▶ [Task goal]:
With pictures left out, retype exactly the lines from the one containing "Som medlem av" through the final line of the entries.

▶ [Records to process]:
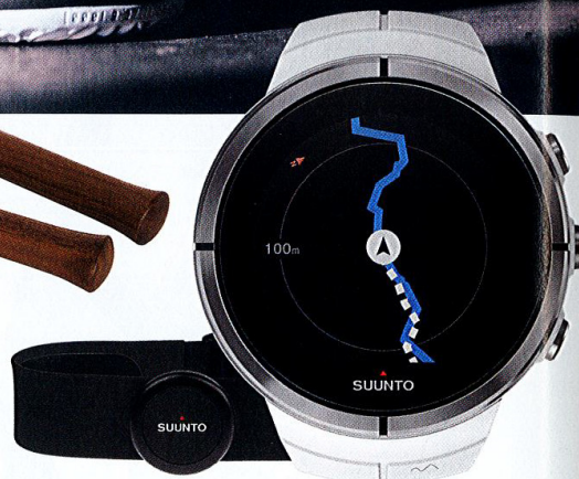
Spartan Ultra White HR, GPS e touch screen multisport di SUUNTO, 699 €.
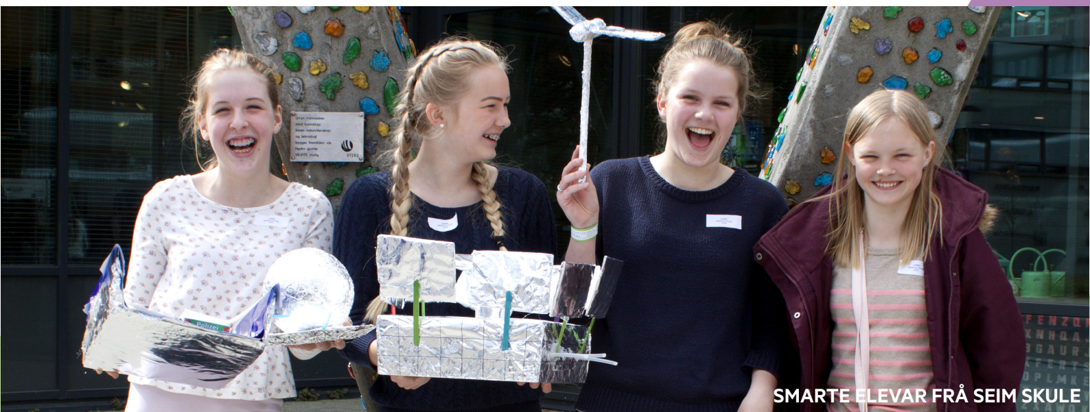
SMARTE ELEVAR FRÅ SEIM SKULE

Som medlem av Ungt Entreprenørskap Hordaland får skulane i kommunen høve til å delta på kurs og undervisningsopplegg som fremjar nyskaping og innovasjon. Alle undervisningsopplegg blir knytta mot kompetansemål i læreplanen og er med på å gjera undervisninga meir praktisk.
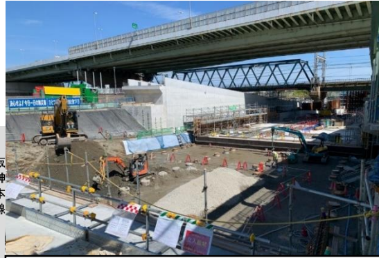
②掘割擁壁部の構築
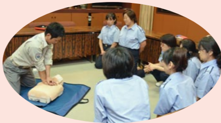
救命法の講習を受ける隊員
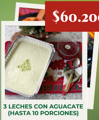
3 LECHE CON AGUACATE (HASTA 10 PORCIONES)
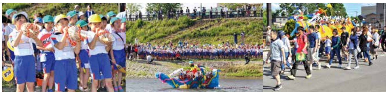
[写真]大曲小学校がふるさと教育の一環として実施している「鹿島流し」。地域の伝統文化が子どもたちに受け継がれています。

実行委員会は、子どもたちだけではなく、親世代・祖父母世代にも馴染みのある鹿島流しを継承していくことで、地域住民の連帯感を高めるとともに、伝統文化を生かして地域のさらなる活性化につなげていきたいとしています。
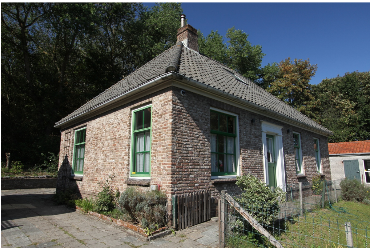
Lichtwachterswoning in Dishoek

▶ [Answer section]:
Som medlem av Ungt Entreprenørskap Hordaland får skulane i kommunen høve til å delta på kurs og undervisningsopplegg som fremjar nyskaping og innovasjon. Alle undervisningsopplegg blir knytta mot kompetansemål i læreplanen og er med på å gjera undervisninga meir praktisk.
②掘割擁壁部の構築
救命法の講習を受ける隊員
3 LECHE CON AGUACATE (HASTA 10 PORCIONES)
[写真]大曲小学校がふるさと教育の一環として実施している「鹿島流し」。地域の伝統文化が子どもたちに受け継がれています。

実行委員会は、子どもたちだけではなく、親世代・祖父母世代にも馴染みのある鹿島流しを継承していくことで、地域住民の連帯感を高めるとともに、伝統文化を生かして地域のさらなる活性化につなげていきたいとしています。
Lichtwachterswoning in Dishoek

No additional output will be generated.